OxygenOS rolled the IoT menu’s useful bits into the “LogKit” app. Dial *#800# and choose Engineering Mode → IoT Test to get sensor-fusion charts, NFC field strength, and UWB ranging data on the OnePlus 13 series. Root isn’t required, but you must enable “Engineer Mode” in developer options.

Motorola Hello UI

Still the friendliest: dial ##2486##, choose IoT, and an almost untouched classic interface pops up—helpful for field technicians who handle Moto’s enterprise scanners. Just don’t flip the “Factory Reset Sensors” switch unless you really know what you’re doing.

Sony Xperia UI (Android 15)

Sony never officially branded it “IoT,” but an equivalent submenu exists inside the Service Menu (dial ##7378423##). The 2025 Xperia 1 VII keeps radio-frequency and sensor tests, yet UWB and mmWave diagnostics have moved to a service-center-only app.

Why It’s Disappearing

Security Hardening: OEMs fear that malicious apps could invoke hidden intents and tweak low-level radios.

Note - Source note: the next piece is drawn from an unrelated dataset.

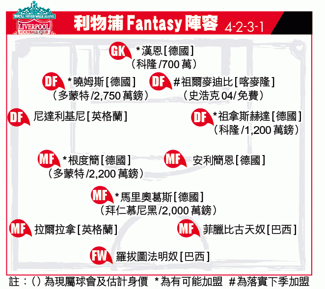 今季雖然仲有大概兩個月先完,不過利物浦領隊高路普已為下季做準備,消息話佢好有信心以割引價嘅2,000萬鎊(約2.2億港元),喺拜仁慕尼黑簽入由佢一手提攜嘅德國球星馬里奧葛斯;若然真係成事,呢對昔日嘅「蜜蜂兵團」師徒,將會喺晏菲路重逢,再次合力打江山。
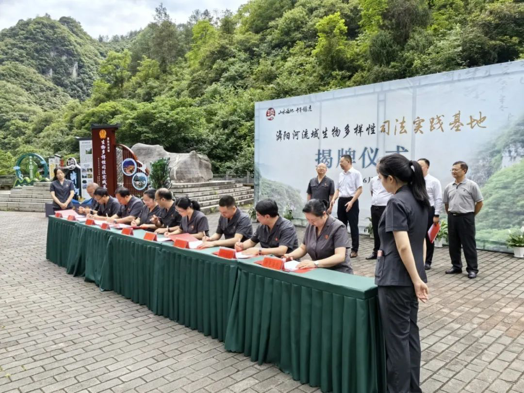 6月5日是世界環(huán)境日,新晃縣人民法院黨組書記、院長楊琳慧帶隊與貴州省鎮(zhèn)遠縣、甕安縣、黃平縣、施秉縣、岑鞏縣、玉屏侗族自治縣、銅仁市碧江區(qū)人民法院在貴州省鎮(zhèn)遠縣下?陽河景區(qū)游客服務(wù)中心廣場開展“?陽(水)河流域生物多樣性司法實踐基地”揭牌活動,并共同簽署了《?陽(水)河全流域環(huán)境資源跨省州縣司法保護協(xié)作機制》。

Regulatory Compliance: Regions now require locked-down RF calibration parameters.

Simplified Support: Brands want users to run scripted diagnostics through official repair apps rather than poke around obscure menus.

Tips for Access in 2025

Use correct regional firmware: Some carrier builds strip the dial codes entirely.

Enable Developer Options: A few brands hide engineering shortcuts until “USB debugging” is turned on.

Beware SafetyNet/Play Integrity: Dial-code tinkering rarely trips it, but flashing engineering builds or Magisk modules to restore the menu can flag your device as non-certified.

Document changes: If you toggle anything, screenshot original values first—some settings aren’t labeled clearly and can’t be reset without a full firmware flash.

Bottom Line

In 2025, the IoT Hidden Menu survives mainly in Xiaomi, OnePlus, Motorola, and partially in Sony land, while Google and Samsung have folded its features into other diagnostic tools or locked them behind service-center credentials. If you’re shopping for a phone expressly to run in-depth sensor and connectivity tests, verify first whether the specific regional firmware and Android skin still lets you unlock that dial-code doorway.